If you’re working with AWS infrastructure, Terraform, or DevOps pipelines, Amazon Q Developer is like having a super-smart assistant inside your IDE (like VS Code). It helps you work faster, reduce errors and learn on the go especially if you’re still growing your IaC or cloud skills.
Ask an Architect:
At the “Ask an Architect” station, I grabbed a few minutes with a Technical Account Manager who laid out exactly what he does day-to-day. Everything from reviewing customers’ cloud architectures and identifying cost or performance bottlenecks, to coordinating incident response when things go sideways at massive scale.
He walked me through real examples of how AWS steps in early to design resilient, secure systems that can handle millions of requests per minute, and how his team stays plugged into customers’ roadmaps to risk assessment before they hit production.
Hearing about the mix of hands-on troubleshooting, proactive guidance, and long-term strategy that goes into keeping some of the world’s biggest workloads online was eye-opening. It really drove home how AWS doesn’t just sell services, it partners deeply to solve hardcore engineering challenges and left me inspired about the impact you can make in a role like that. Very inspiring.
Networking:
Networking was the real highlight. In casual conversations, I got pointers on AWS tools I’d never tried and invites to join online Slack and Discord communities where experts and community members share real-world tips. I even connected with leading engineers who shared slide decks from their talks. Those quick face-to-face moments led to meetups invites and invites to deep-dive workshops. What starts as a one-day event snowballs into a support network that keeps you learning, troubleshooting and pushing your projects forward long after the summit ends.
Closing thoughts:
If you’re early in your tech career, AWS Summit London is crucial. You’ll get a front-row seat to the latest cloud and AI tools, pick up practical tips you won’t find in tutorials and meet AWS engineers to fellow peers who can help you level up. It’s a way to build your confidence and start networking with people who you can learn from or those that you can teach too. Plus, you’ll leave with clear next steps and resources to keep learning long after the day ends.

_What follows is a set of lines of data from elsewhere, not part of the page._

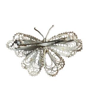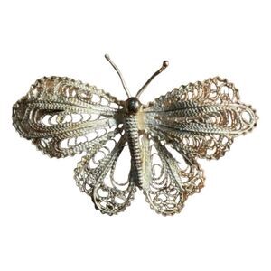 Vintage Vermeil Filigree Butterfly Brooch in Silver Tone Metal, Stamped 800 Silver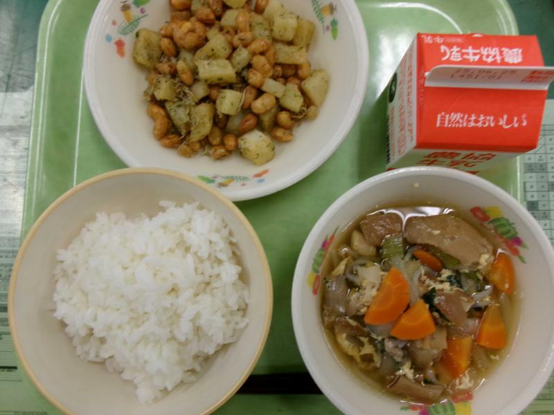 <大豆とじゃがいもののり塩、車ふの卵とじ>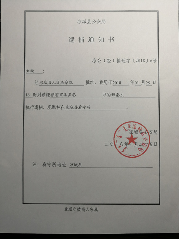 2018年1月25日,内蒙古自治区凉城县公安局以涉嫌损害商品声誉罪对谭秦东实施逮捕。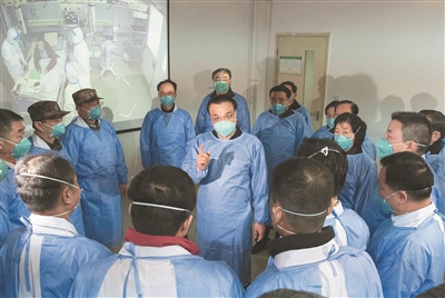 2020年1月27日,李克强同志赴湖北省武汉市考察指导疫情防控工作,代表党中央、国务院慰问疫情防控一线的医务人员。 新华社记者 李涛 摄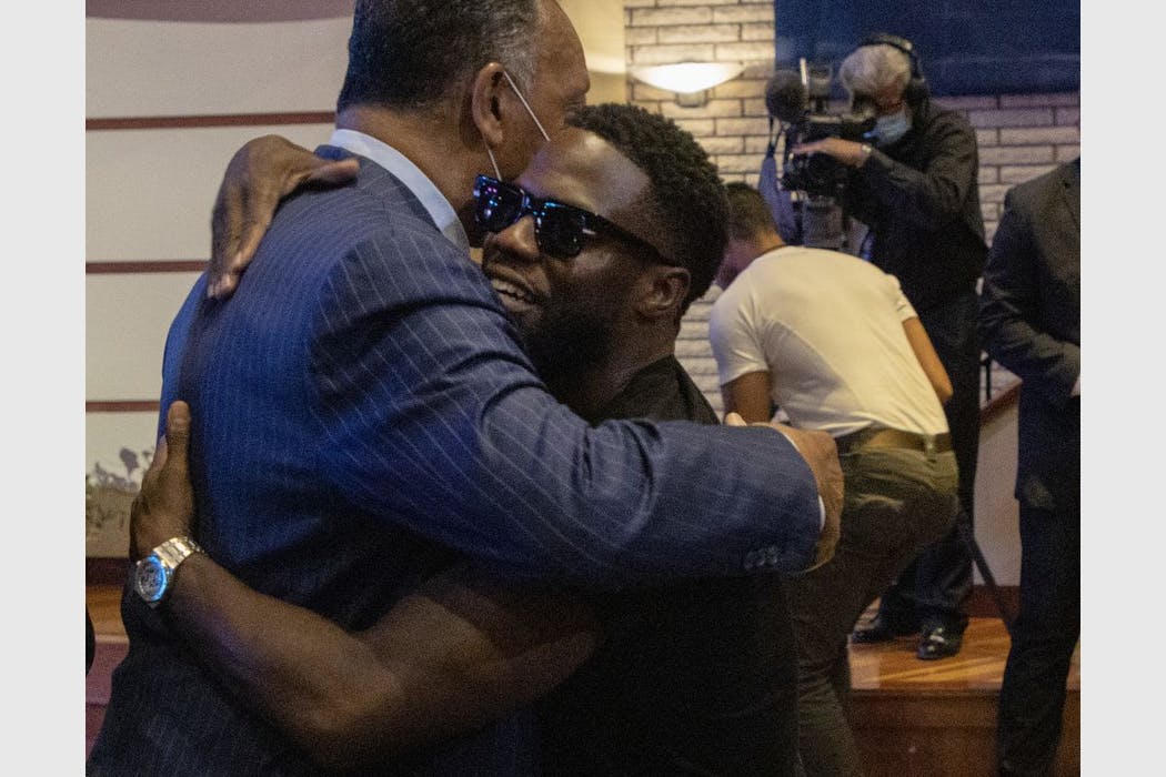 Nhà chính trị người Mỹ Jesse Jackson ôm nghệ sĩ hài Kevin Hart.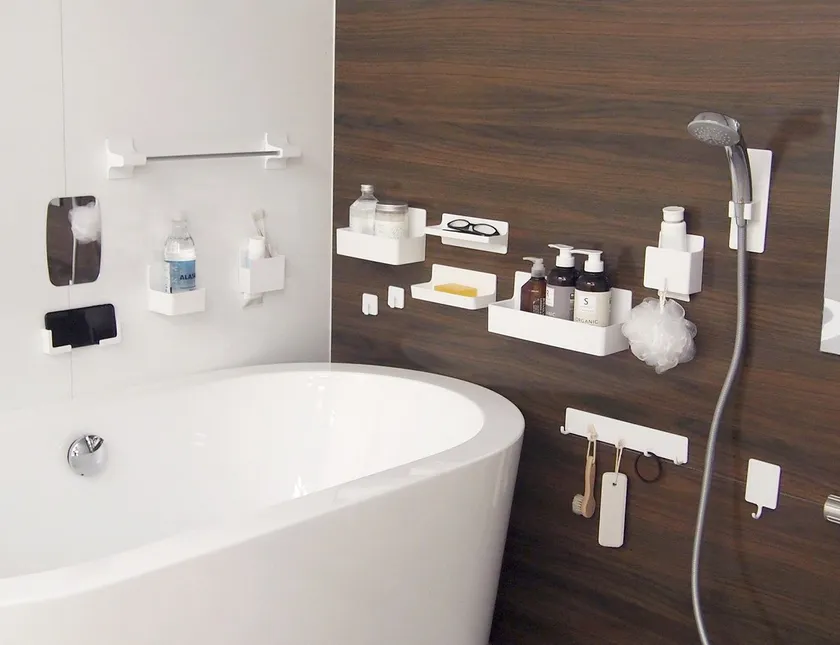 まだまだ知られていない事実、《一般的なユニットバスの壁面は内部に鋼板を使用しており、磁石がくっつくものが多い》ことを利用した浴室の収納用品「磁着」シリーズは、ユニットバスの壁面に磁石でくっつけて使用できることが特長です。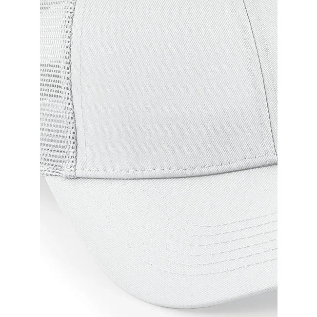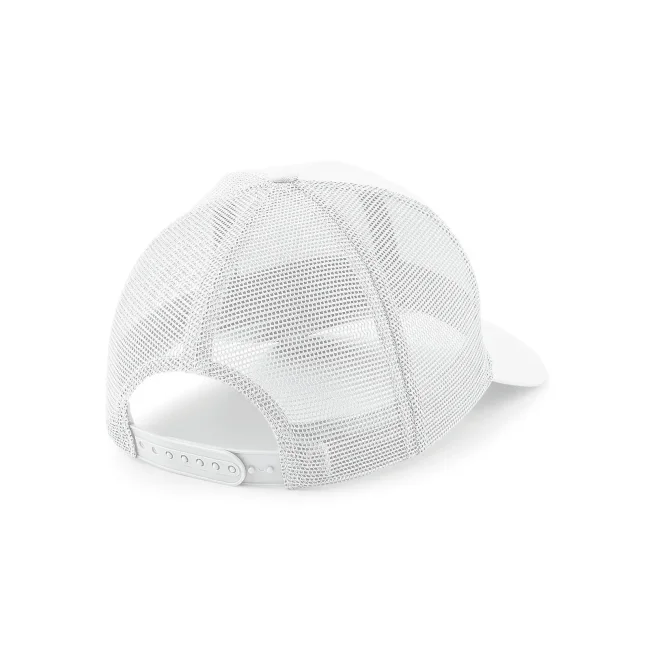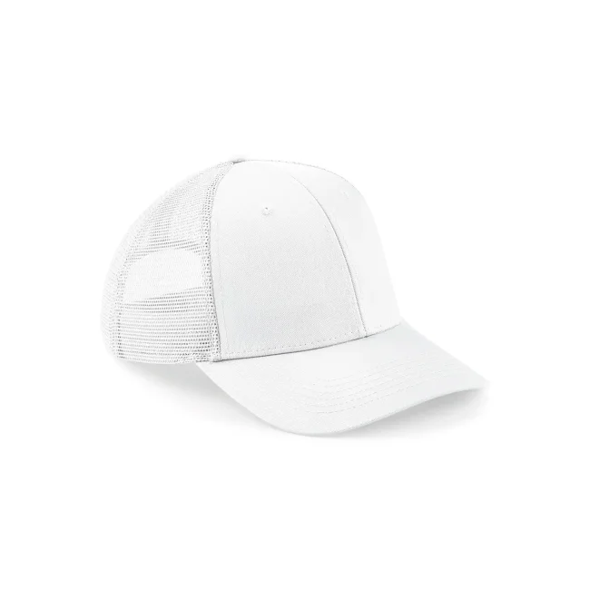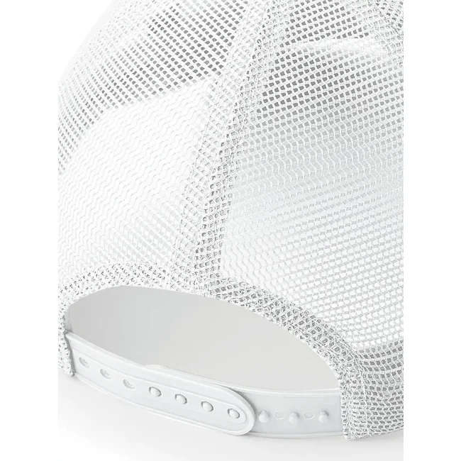 85% poliestere 15% cotone. Cappellino a 6 pannelli con pannello centrale a visiera, pannelli posteriori in mesh 100% poliestere, visiera semi-arrotondata, pannelli frontali strutturati, occhielli di ventilazione, chiusura regolabile snapback, taglia unica, etichetta removibile.

Don’t just read about cloud tech… get hands-on, make connections and kick-start your journey.
Don’t forget to grab the AWS Summit app before you go. It’s a lifesaver for planning your day, you can browse the full agenda, bookmark the sessions you actually care about, and get push reminders so you don’t miss your favourite talk. The built-in venue map shows you the exact location of each room and demo booth. It’ll even nudge you when a session you bookmarked is about to start, so you can spend less time juggling paper schedules.
See you at the AWS Summit London 2026!